On the second day, there were two more talks representing additional perspectives. Bill Michener (DataOne) sent a video message in which he set out a three-point action plan for encouraging data sharing:

  1. give researchers due credit for sharing data, leaning on identifier schemes like DOIs and ORCIDs, and services like ImpactStory;
  2. give researchers the tools to make data sharing easy;
  3. effect cultural change through education, training and funding policies.
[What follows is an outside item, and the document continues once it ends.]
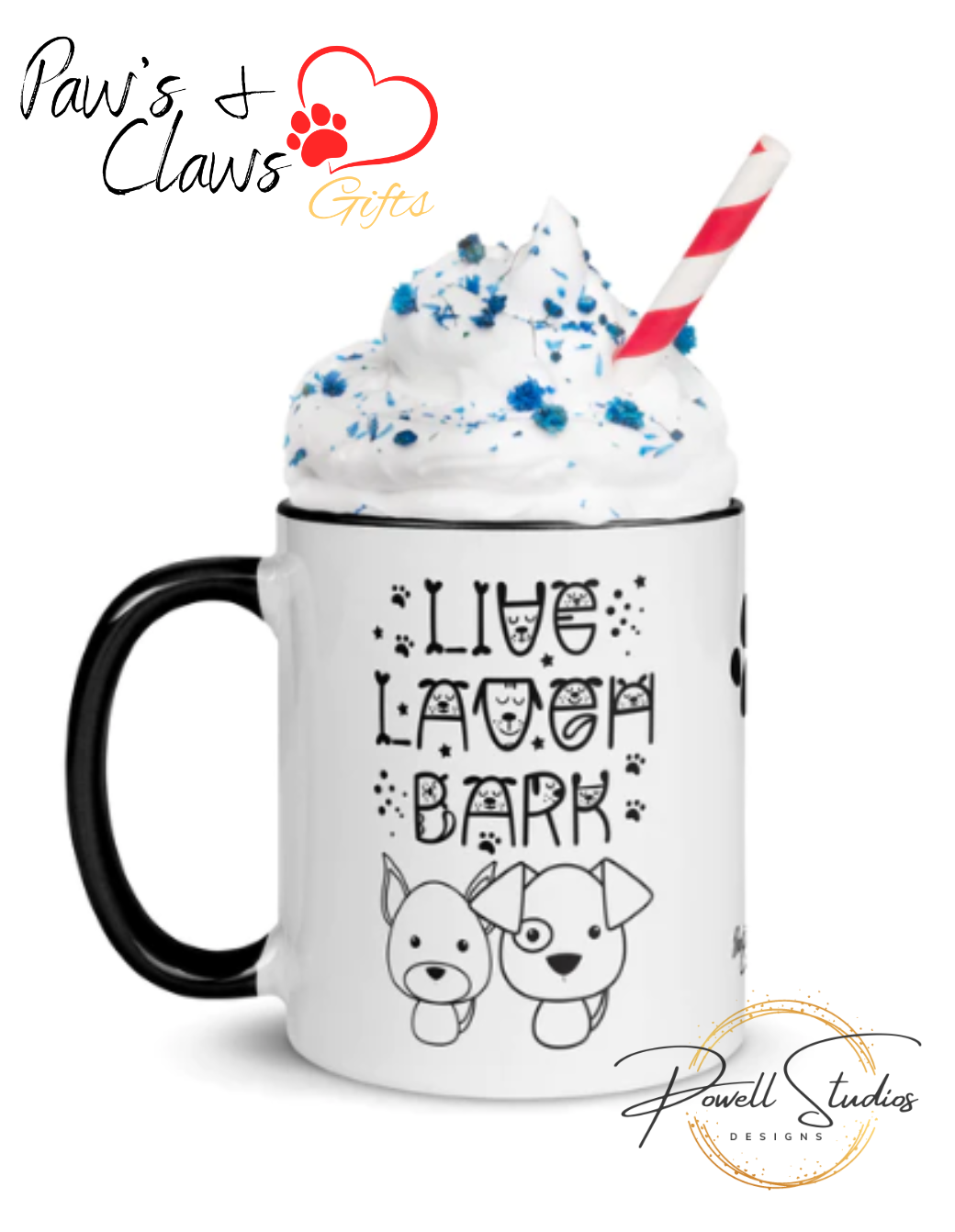 Live Laugh Bark, Dog lovers Mug with Color Inside. Puppy coffee mug, perfect for the Dog Lady in your life.

Jan Brase (DataCite) demonstrated some of the lesser-known DataCite services, including the metadata search service and resolution statistics service.

The rest of the workshop was taken up by five parallel groups each tackling a different issue. I was in the group looking at impact metrics for published data. We recommended that we should immediately collect and collate as much statistical evidence as we can on how datasets are being used (downloads, DOI resolutions, citations, etc.) and, in parallel, study what these statistics actually imply in practice. In the longer term, we need to understand how to take account of disciplinary differences when applying and interpreting the metrics.

We were perhaps more enthusiastic about metrics than the group considering the research assessment procedures of funders and universities. They felt that metrics could not replace, but only supplement, peer review of datasets. They also agreed that universities should bring up data sharing in job interviews and appraisals, and appoint more data management specialists. Funders should implement clear, sensible data sharing policies and mandates, and encourage data reuse via their data management plan requirements.

Another group discussed codes of conduct for sharing data. They recommended such codes be written by learned societies and publishers, with funders providing co-ordination. Ideally the codes should be specific on implementation issues (such as criteria and standards to use) and be collected into a catalogue for researchers to consult.

The next steps to improve linkage between data and other research outputs, a fourth group argued, should be to standardise both data citation practice and contextual metadata. Linking should be extensive and reciprocal, and amenable to expression as Linked Open Data.

The remaining group was interested in quality assurance processes. Their immediate recommendation was to find domains where data peer review is currently working well, and encode those processes as templates that other domains might adapt.

I was pleased with the practical focus of this workshop. It would have been all too easy to spend the time on old ground, rehearsing the benefits of data sharing to one other and listing the barriers. Instead, we came up with a range of practical recommendations and aspirations for the members of the Knowledge Exchange to consider. I hope the wider community also takes notice.

Presentations from the workshop are available from the event webpage.